Fast jede Generation bekommt ihren eigenen Dracula, und in den 70er-Jahren gab es gleich einen ganzen Haufen. Den wohl letzten Auftritt des Jahrzehnts sollte Frank Langella in John Badhams DRACULA haben. Dass der Stoff auf Bram Stokers Roman aus dem Jahre 1897 basiert, dürfte klar sein, jedoch orientierte sich Badham mehr an dem Bühnenstück von Hamilton Deane und John L. Balderston, auf dem auch Tod Brownings DRACULA (1931) basiert. 

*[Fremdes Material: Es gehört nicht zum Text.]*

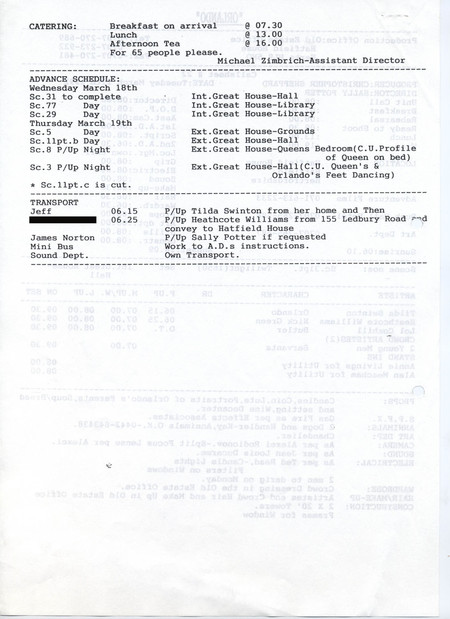 Description Reverse of production call sheet #22. Typed A4 sheet
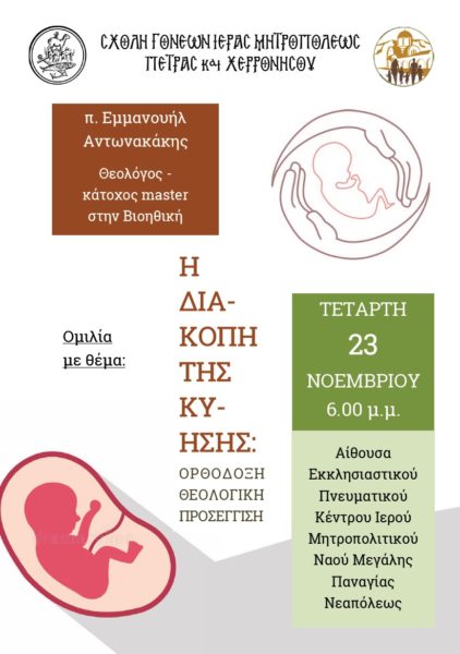 Η Διακοπή της Κύησης θα είναι το θέμα της τρίτης συναντήσεως της Σχολής Γονέων της Ιεράς Μητρόπολης Πέτρας και Χερρονήσου.

Was als erstes auffällt, ist das Weglassen des Besuches von Jonathan Harker auf Draculas Schloss. Badhams Version startet mit der Fahrt der Demeter, auf der sich Dracula als Wolf transformiert und die Besatzung tötet. Das spart Zeit und Geld, und ich habe den Part nicht vermisst, weil es ihn zu diesem Zeitpunkt bereits oft genug gegeben hat. Die Finsternis von Transylvanien errichtet Bedham in England, wo es regnet, Gewitter aufziehen und der Nebel durch die Wälder wabert. Von der ersten bis zur letzten Minute liegt hier eine düstere, unheilvolle Atmosphäre über den Bildern, die von Gilbert Taylor meisterlich fotografiert wurden. Visuell ist DRACULA eine absolute Augenweide. Alles wurde fein aufeinander abgestimmt, zusammen mit dem eleganten Score von John Williams. Der Film sieht edel aus, obwohl er stets einen morbiden Charme besitzt, und das liegt vor allem an Frank Langellas wundersamer Darstellung als Graf Dracula. Langella spielt ihn mit einer leidenschaftlichen Ruhe, die nicht nur auf die Figuren im Film eine hypnotische Wirkung hat, sondern im besten Fall auch auf den Zuschauer. Seine Gesichtszüge sind geheimnisvoll und sein ganzes Auftreten ist charmant und anziehend. Ihm Gegenüber stehen Laurence Olivier als Van Helsing, Donald Pleasence als Dr. Seward, Trevor Eve als Jonathan Harker, Tony Haygarth als Renfield und Kate Nelligan und Jan Francis als Lucy und Mina. Die Besetzung ist insgesamt sehr gut und jederzeit glaubwürdig. Neben Langella sind es aber vor allem Olivier und Pleasence, die hier dominieren, um den Schrecken zu bekämpfen, der sich langsam ausbreitet und aus Carfax Abbey zu stammen scheint, jenem alten Gemäuer, was Jonathan Harker für Graf Dracula auserkoren hat. Die Kulisse von Carfax Abbey stellt ein weiteres Highlight dar, in dem Langella bestens aufgehoben ist. Badham liefert viel Gruselatmosphäre und ein paar garstige Momente, aber er nimmt sich auch viel Zeit für die Figuren und denkt auch an die romantischen bis erotischen Aspekte der Geschichte. 

Auch wenn es über viele Jahre verteilt ein paar Anläufe bauchte, ist für mich Badhams DRACULA mittlerweile sehr weit oben angesiedelt und funktioniert für mich am besten in der Cinema Edition, die den Film mit den Originalfarben darstellt wie einst im Kino.